Это был ящик с дырой, в котором подозрительно перемаргивались пальчиковые лампы «Что им надо?» – ответил я таким же подозрением.

– Скоро установим на всех углах, – радостно сообщил Пращуров.

– Зачем? – поразился я. – В основном ведь… пораженцы.

– А что! – крикнул хозяин и опять метнул взгляд на торшер. – Если он безголосый больной, то и не может высказать «за». Шалишь брат Петр-Павел. В день Великого выбора все, не толчаясь в участке… в околотке… проследовали на угол и выразили свое «за». Давай, проверка экскрементального образца, суй свой ПУК внутря.

Я осторожно повертел кардоночкой в воздухе.

– Боязно, – проблеял я. – Мы, знаете, все таки законы-то знаем. За НАШЛИДа чтоб.

– Да не дрейфь, эспремент, – возмутился мужик. – Коньяку хлопни. Все додумано без вас, саранчи.

Я хлопнул стакан, заел сладкой конфеткой из огромного короба и сунул руку с ПУКом в пасть Голосовального монстра. И быстренько вынул.

– За или против? – спросил страшный механический голос из голосозавра.

– За, – быстро подтвердил я. – Полностью за.

Пращуров стоял, как громом сраженный. Он выпучил глаза и воззрился на меня, потом на аппарат, а потом на лампу.

– Врет, – сухим басом процедил он, позеленев. – Извращает волю. Сдвинулся устройством.

Он оттолкнул меня, весьма отлетевшего, схватил деревянными длинными щипцами пробную ПУК из пачки на столе и сунул в аппарат. Устройство щелкнуло, и страшные внутренние зубы в мгновение ока сгрызли щипцы в щепку и с презренем выплюнули.
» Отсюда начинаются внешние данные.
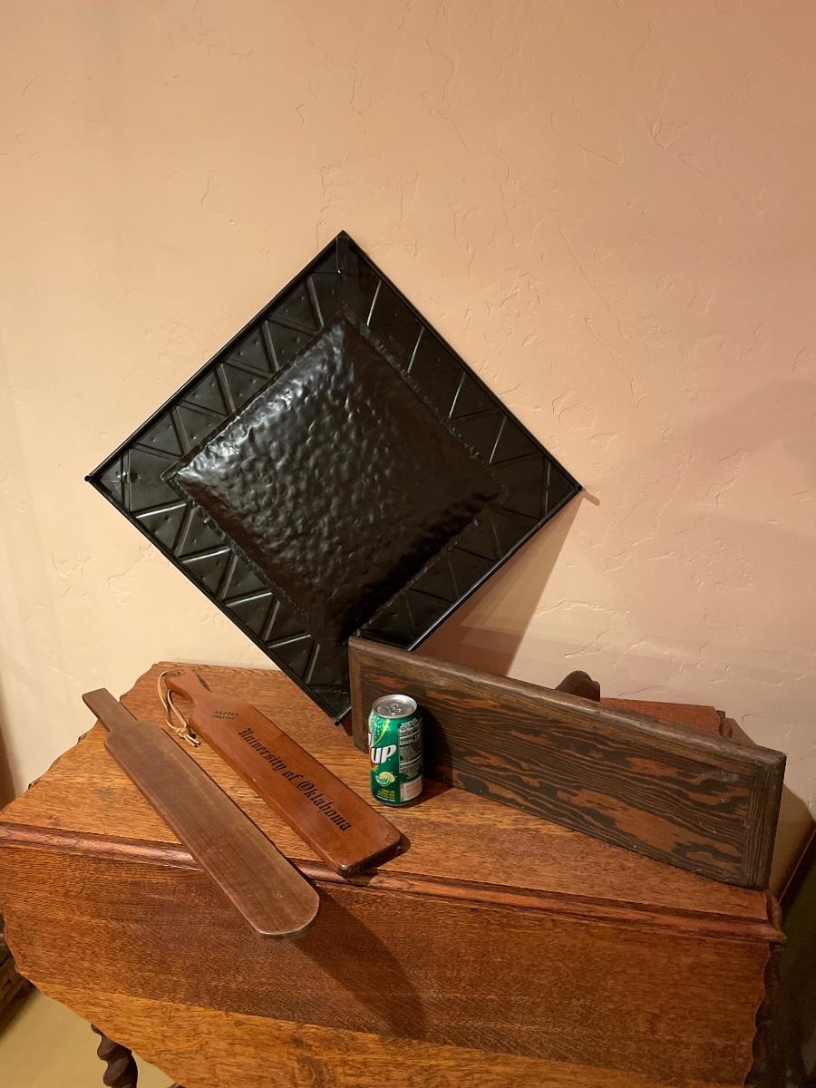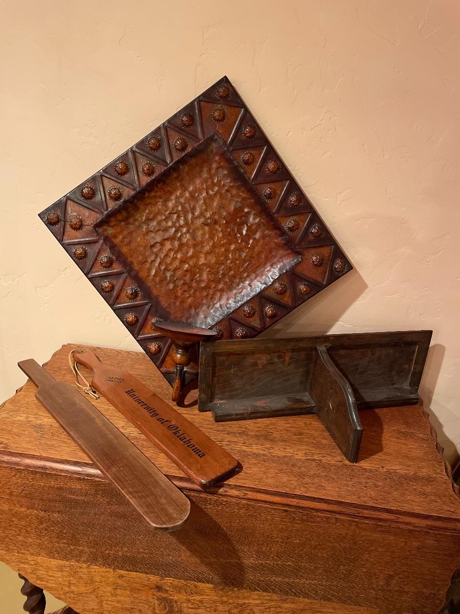 #256 Large Tin Wall Decor, Wood Shelf & Fraternity Paddles
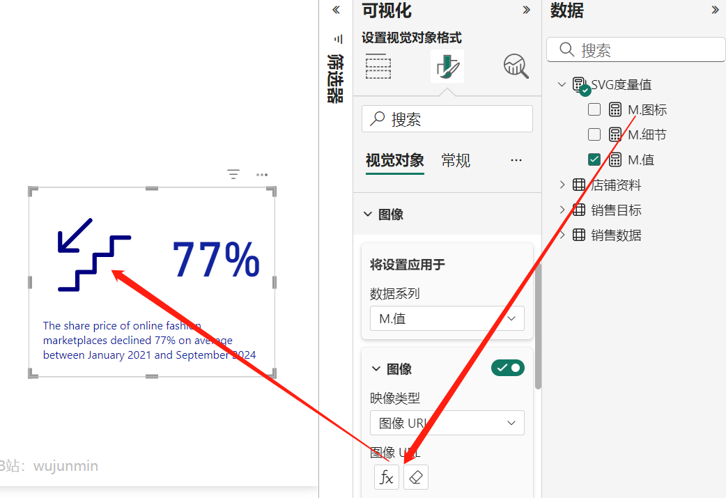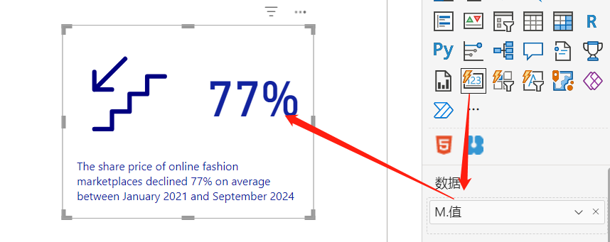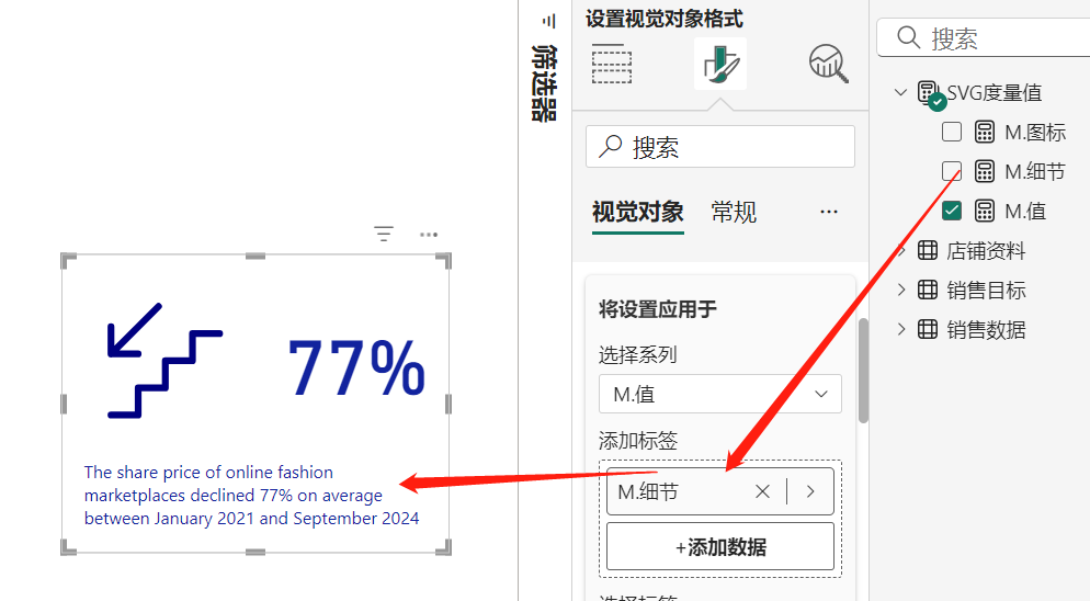 将[M.值]度量值放到新卡片图的”数据“区域:

– Вот, видал! – возопил мужик. – Работает как часы. Голосует враз. Не избиратель ты, так чего суваться, прокусит руку до кости, тонкую кость дробит, с шиной месяц наболтаешься. Морду с интересу сунешь – склюет враз. Ну-ка дай, – в бешенстве Сенатор выхватил из моих рук мою же кардонку, схватил ее огородными щипцами из подготовленной урны и сунул в рыло устройства волеизъявления. Монстр трюхнул и злобно сжевал щипцы, как голодный лис куриное горло. И выплюнул мою ПУК и прожужжал:

– Минус семь баллов с предупреждением.

– Ага, съел!? – восторженно проревел хозяин, заплясал гопака и вновь степенно отступил к лампе. – Доложим скоро руководству края, – громко и державно сообщил Пращуров. – Эспериментовое устройство почти готовое, сбоит редко, но метко. Все вперед к свершению, след в след за вождем и отцом народа. Победим безгласие масс, кому надо стройными рядами на выбор. Да здравствует единство НАШЛИДа. Люди, будь бдителен!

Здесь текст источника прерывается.